The identities of those who died — Jonathan Blunk, Alexander Boik, Jesse Childress, Gordon Cowden, Jessica Ghawi (also known as Jessica Redfield), John Larimer, Matt McQuinn, Micayla Medek, Veronica Moser-Sullivan, Alex Sullivan, Alexander Teves and Rebecca Wingo — were released by the Arapahoe County Coroner's Office the next day. By then, everyone had already heard the name of the man who took their lives.

His name won't appear in this story — and the downplaying of media coverage that identifies the perpetrators of such horrific acts is among the most notable developments regarding such crimes, which have become all too common.

After the Aurora theater shootings, a rising number of critics lambasted articles and television packages that focused on the killer, arguing that such pieces inevitably glorified a psychopath and could lead to copycats. At the time, I held a very different view. As a journalist, I'm devoted to reporting the facts, and there was no debate in my mind that the person who had caused so much pain to family members, the community of Aurora and many others was newsworthy. But beyond that, I saw writing about the cult of personality that developed around this person as illuminating a dark, disturbing element of the American psyche that needed to be examined in the clear light of day.
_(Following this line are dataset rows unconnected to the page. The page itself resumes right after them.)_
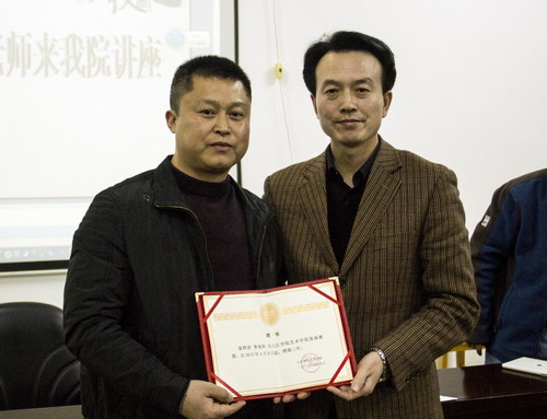 讲座前,在一阵热烈的掌声中,吴维勇院长代表学院向曹端阳老师颁发艺术学院客座教授的聘书。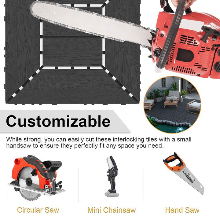 【Customizable & Versatile Use】Use a saw or other cutting tool to cut the plastic floors to the size you want. Fitting for putting this balcony deck tile in your patio deck, pools, garden, soft lawn, backyard, porch, outdoor playground, walkway and the other outside places. Or using in your bathroom, living room and the other indoor areas.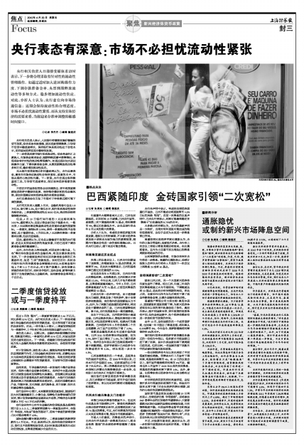 光大银行首席宏观分析师盛宏清认为,央行此番表态,意在向市场传达流动性会保持宽松、适度的水平,市场无需担心流动性问题。下一阶段,央行会通过各种数量型工具,引导货币适度增长,保证实体经济需要的流动性。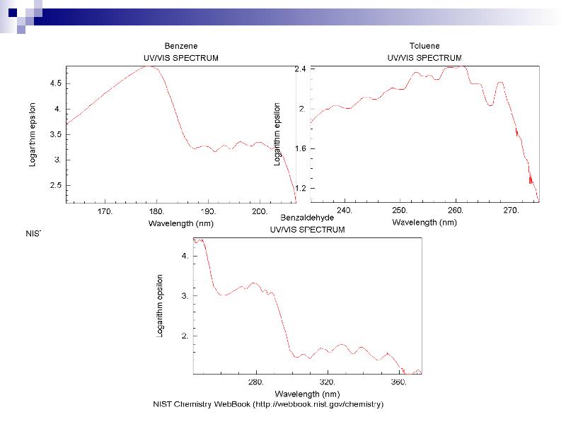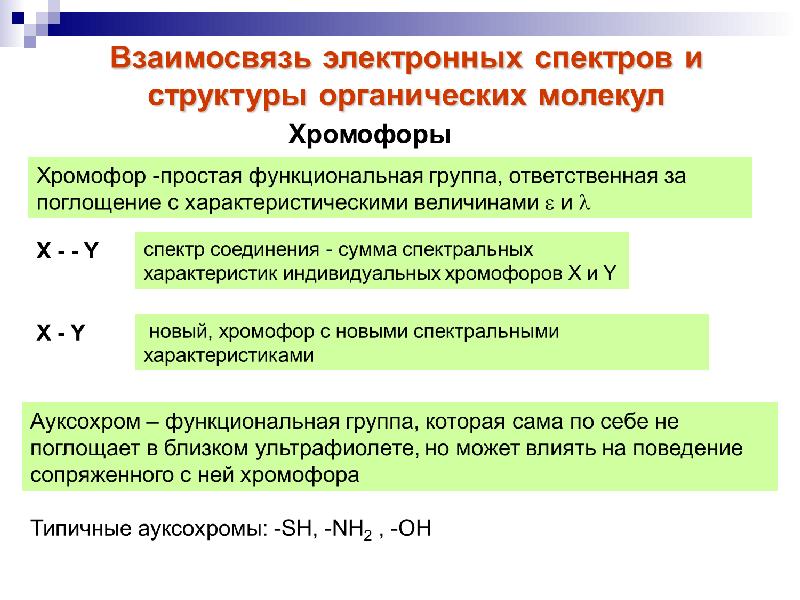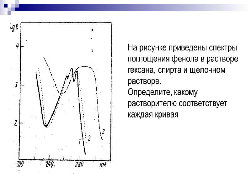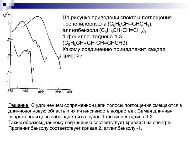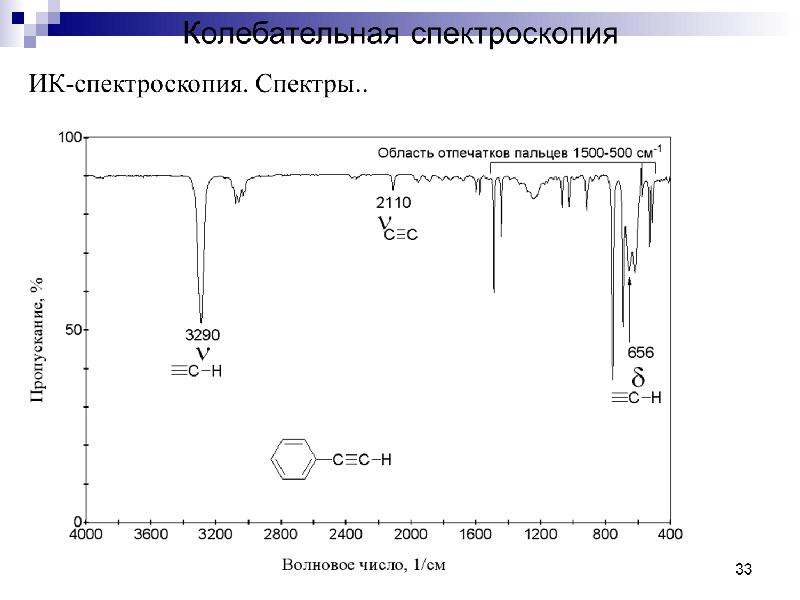 - 33. УФ-спектроскопия Положение полос поглощения в УФ-спектре зависит от строения молекулы.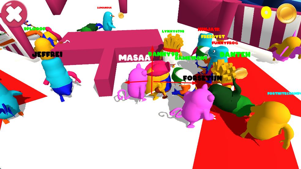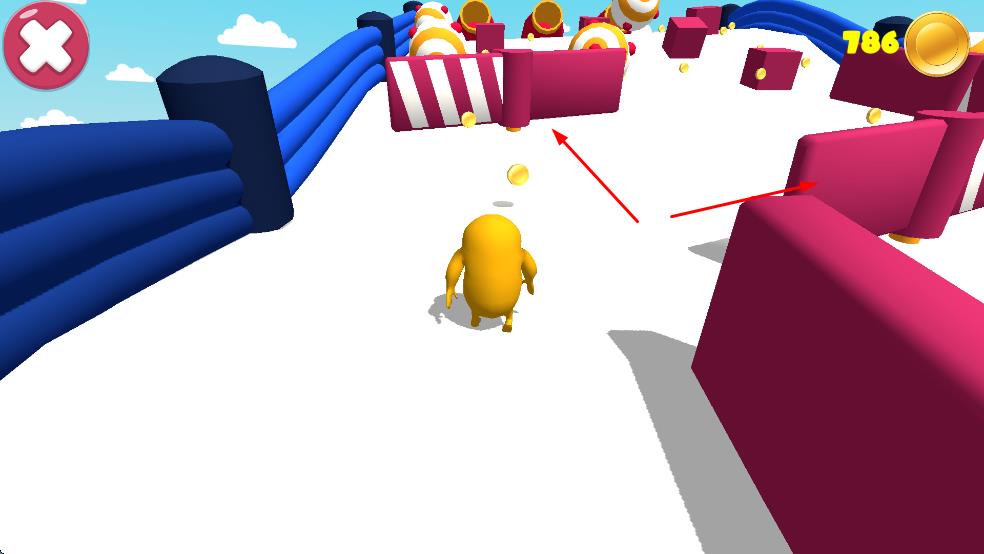 1、多人混战全力冲刺:六十名玩家同时进入关卡,通过跳跃、躲闪、推进等动作在场景中移动,避免被对手碰撞或掉落陷阱,在混乱中找准路线,向着终点全力冲刺。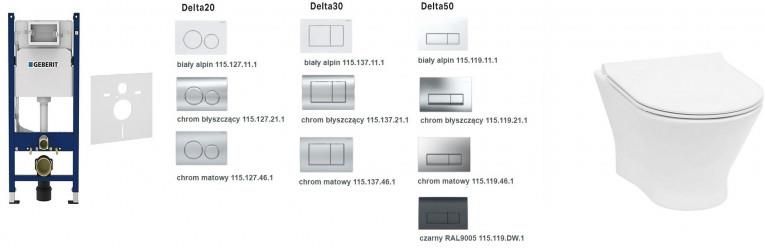 Zestaw 6w1 - gotowy do montau !!! Elementy zestawu: 1.Kompletny stela GEBERIT DUOFIX DELTA stela podtynkowy do wc 112cm - 111.153.00.1 wsporniki montaowe 111.813.00.1 2. Podkadka wyguszajca oryginalna GEBERIT - 156.050.00.1 3. Przycisk do wyboru jeden z modeli w wybranym wariancie kolorystycznym DELTA 20biay, chrom poysk lub chrom matowy DELTA 30biay, chrom poysk lub chrom matowy DELTA 50biay, czarny, chrom poysk lub chrom matowy 4.Muszla i deska wolnoopadajaca Roca NEXO RIMLESS - A34H64L000 muszla wiszca - A34664L000 deska wolnoopadajca slim - A801C4200U Po zakupie prosimy w uwagach wpisa wybrany przycisk !!!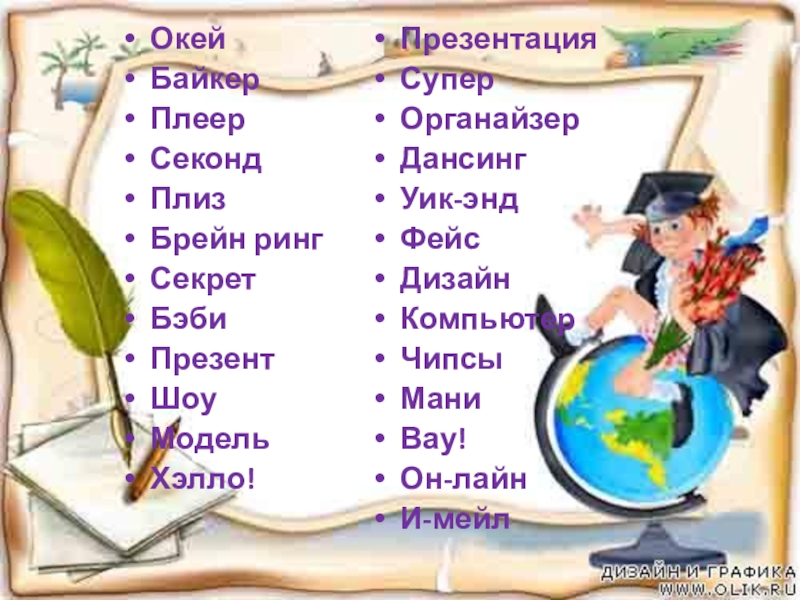 Быт: фас-фуд, бой-френд, супер-гел, бизнес-лейди, лузер, хай, хот-дог, ок, найс, гуд, го, бэйби, вип…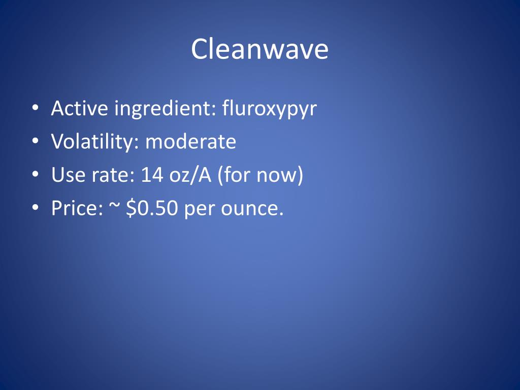 Cleanwave • Active ingredient: fluroxypyr • Volatility: moderate • Use rate: 14 oz/A (for now) • Price: ~ $0.50 per ounce.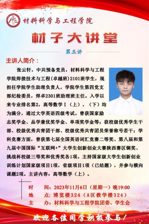 为积极发挥优秀学子的朋辈教育引领作用,更加科学有效地为低年级员工提供课业辅导和学业指导,11月6日晚,伟德国际victor1946官网在鄠邑校区博览楼324教室举办“材子大讲堂”第五讲—高等数学(上),本期主讲员工是焊接(卓越)2101班张云轩同学,公司2023级100余名本科生参加辅导培训。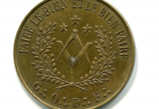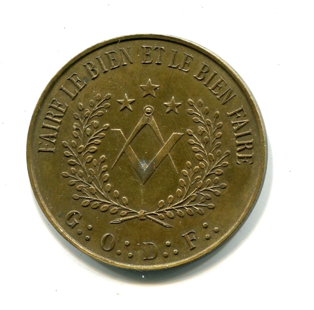 " FAIRE LE BIEN ET LE BIEN FAIRE ", équerre et compas entrecroisés sous 3 étoiles entourés d'une couronne d'acacia ; à l'exergue G (3 points) O (3 points) D (3 points) F (3 points) - au dos texte et place centrale pour attribution.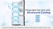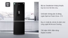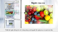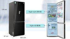 Tủ lạnh có dung tích ngăn lạnh 215 lít và ngăn đá 92 lít, phù hợp đựng thực phẩm cho gia đình từ 3 – 4 người.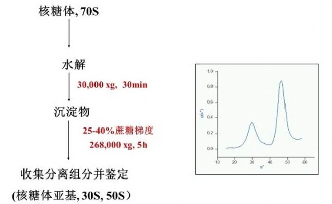 速率區(qū)帶離心經(jīng)典的應(yīng)用就是通過蔗糖密度梯度離心,進(jìn)行各種亞細(xì)胞器(核糖體、線粒體、Exosome 等)和病毒顆粒(病毒載體、疫苗等)的純化。例如,我們在上一期中得到的 70S 核糖體沉淀,經(jīng)過水解后,可利用蔗糖密度梯度離心,進(jìn)一步分離純化得到 50S 和 30S 的兩個亞基。具體的實(shí)驗(yàn)流程如下:

As a result, I posted about a wide variety of items that transformed the tragedy into a phantasmagoria of the absurd: a prominent Facebook group that proclaimed the killer's innocence, other social-media pages that paid tribute to the act for shock value, Jay Leno's tone-deaf response to what happened, the proliferation of memes meant to be funny that absolutely weren't, and even ultra-realistic Halloween masks of the gunman sold for $500 apiece.

In each of these articles and many more about the sweeping investigation, debates over whether prosecutors should seek the death penalty, and the years of court proceedings culminating in a life-in-prison sentence formalized in August 2015, the shooter's name was front and center — a decision I staunchly defended at the time.

I don't anymore. I have come to agree with those who feel that by focusing on mass killers, journalists deflect attention from far more important subjects — not only the victims, but what can be done to prevent such incidents from occurring on a regular basis. Note that between the April 20, 1999, attack on Columbine High School to the May 24 slayings in Uvalde, Texas, at least 332 school shootings have taken place across the country. And sixteen mass shootings happened between the March 2021 slayings at a Boulder King Soopers and the May 14 massacre at a grocery store in Buffalo, New York.

In coverage of future mass shootings — which we can only hope will become very rare — Westword will continue to publish the names of suspects and perpetrators as they're initially identified, but after that, only when they are particularly relevant to the piece. Most major news agencies are also trying to minimize such use — and that's all to the good. It's a small step in the right direction a decade after one of the most heartbreaking events in Colorado history.